◆ **Aim of the task**
Transcribe, word for word and without additions, each line below from the one containing "Tibor zirba, en" through the one containing "目的MAC地址(6字节)+ 源MAC地址(6字节)+ 类型(2字节)+", both ends included.

◆ **The data**

◆ ◆ ◆ ◆ ◆

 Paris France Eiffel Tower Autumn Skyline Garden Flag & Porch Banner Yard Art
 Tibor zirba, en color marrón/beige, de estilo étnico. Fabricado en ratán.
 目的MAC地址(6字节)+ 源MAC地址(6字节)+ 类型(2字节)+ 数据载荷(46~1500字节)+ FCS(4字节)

◆ ◆ ◆ ◆ ◆

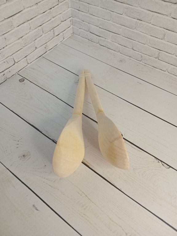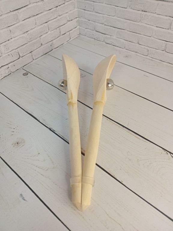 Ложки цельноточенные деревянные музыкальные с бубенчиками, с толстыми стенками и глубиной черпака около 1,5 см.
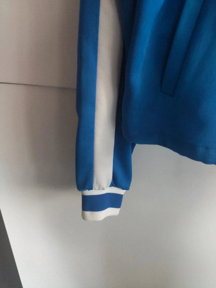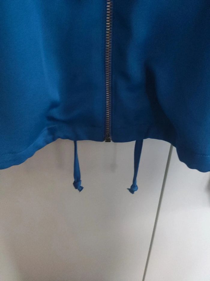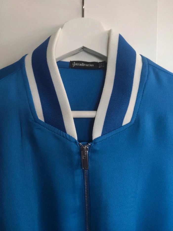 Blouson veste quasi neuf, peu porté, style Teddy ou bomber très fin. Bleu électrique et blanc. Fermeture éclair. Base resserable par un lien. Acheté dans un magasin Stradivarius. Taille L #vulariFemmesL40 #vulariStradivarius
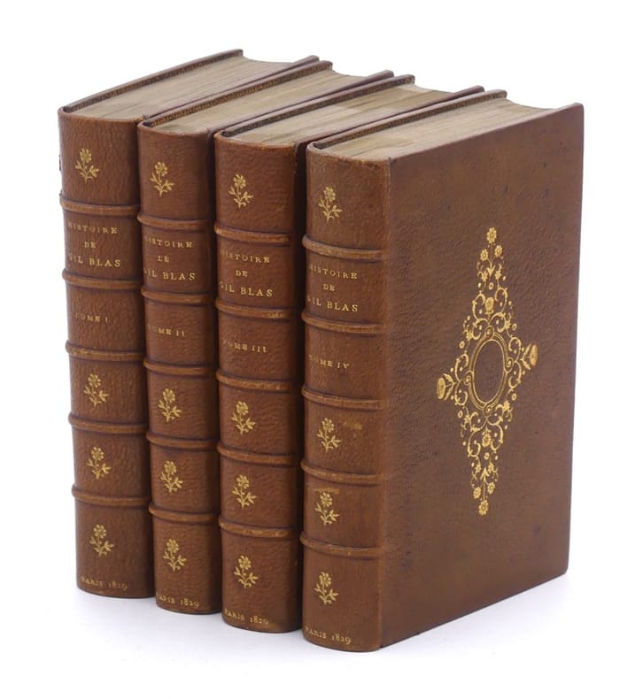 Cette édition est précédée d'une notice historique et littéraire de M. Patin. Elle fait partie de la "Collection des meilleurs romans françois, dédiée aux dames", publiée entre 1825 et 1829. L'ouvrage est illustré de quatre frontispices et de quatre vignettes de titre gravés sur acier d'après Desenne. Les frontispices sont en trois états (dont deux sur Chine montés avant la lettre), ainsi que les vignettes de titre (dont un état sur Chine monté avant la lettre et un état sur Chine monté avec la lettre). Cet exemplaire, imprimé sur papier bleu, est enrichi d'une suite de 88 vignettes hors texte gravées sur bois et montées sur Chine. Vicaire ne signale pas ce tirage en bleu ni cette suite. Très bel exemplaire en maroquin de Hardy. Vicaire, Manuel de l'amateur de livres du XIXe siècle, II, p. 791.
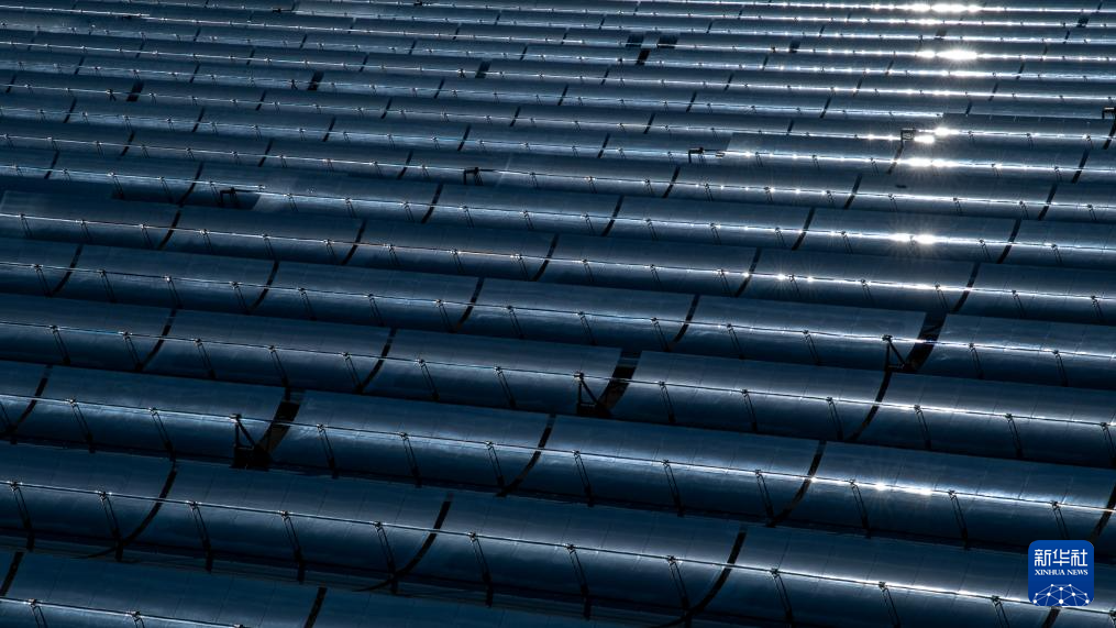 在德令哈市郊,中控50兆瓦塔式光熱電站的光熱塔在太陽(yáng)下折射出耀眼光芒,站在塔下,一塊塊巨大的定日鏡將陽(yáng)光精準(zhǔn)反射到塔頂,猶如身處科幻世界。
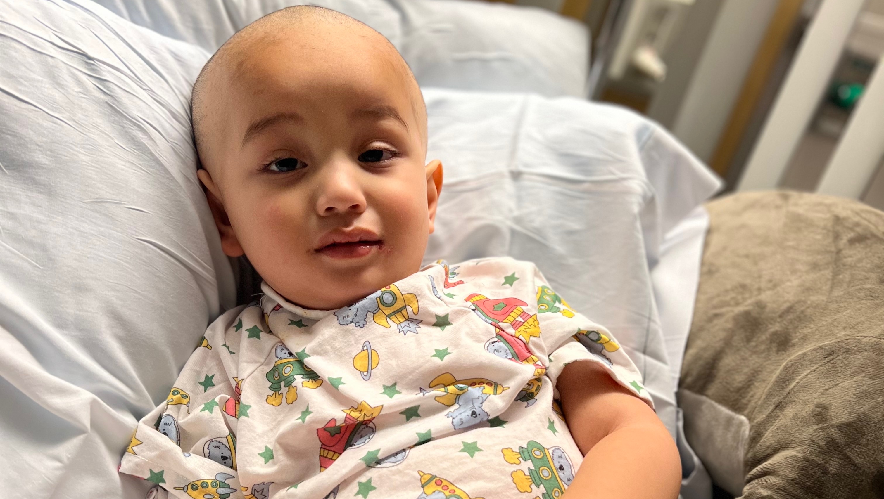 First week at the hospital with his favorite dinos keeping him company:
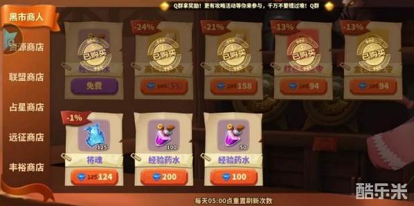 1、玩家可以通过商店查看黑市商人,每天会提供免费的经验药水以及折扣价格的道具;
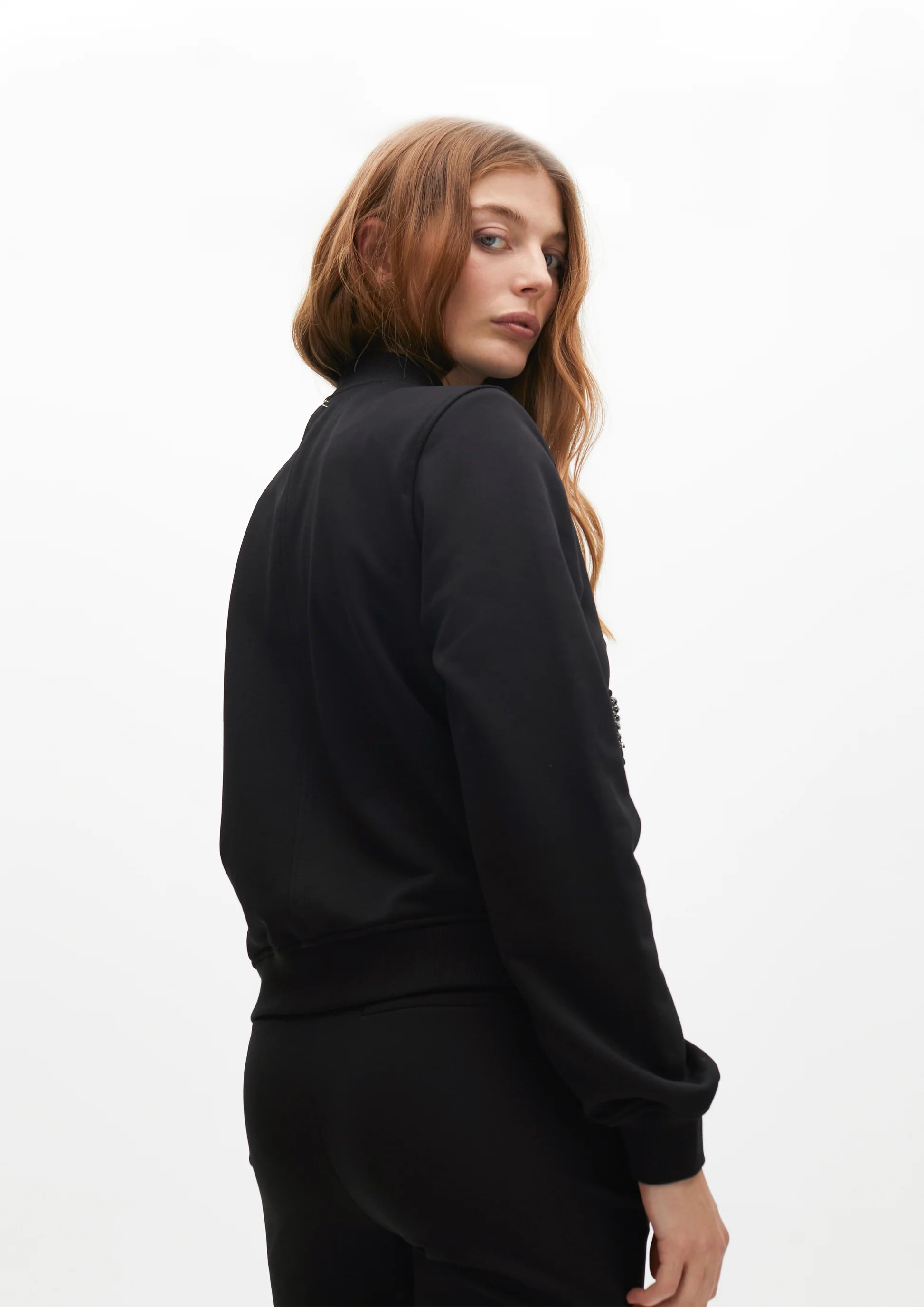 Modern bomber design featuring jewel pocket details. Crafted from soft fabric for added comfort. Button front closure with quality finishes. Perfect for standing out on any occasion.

◆ ◆ ◆ ◆ ◆

◆ **Answer for this exercise**
 Tibor zirba, en color marrón/beige, de estilo étnico. Fabricado en ratán.
 目的MAC地址(6字节)+ 源MAC地址(6字节)+ 类型(2字节)+ 数据载荷(46~1500字节)+ FCS(4字节)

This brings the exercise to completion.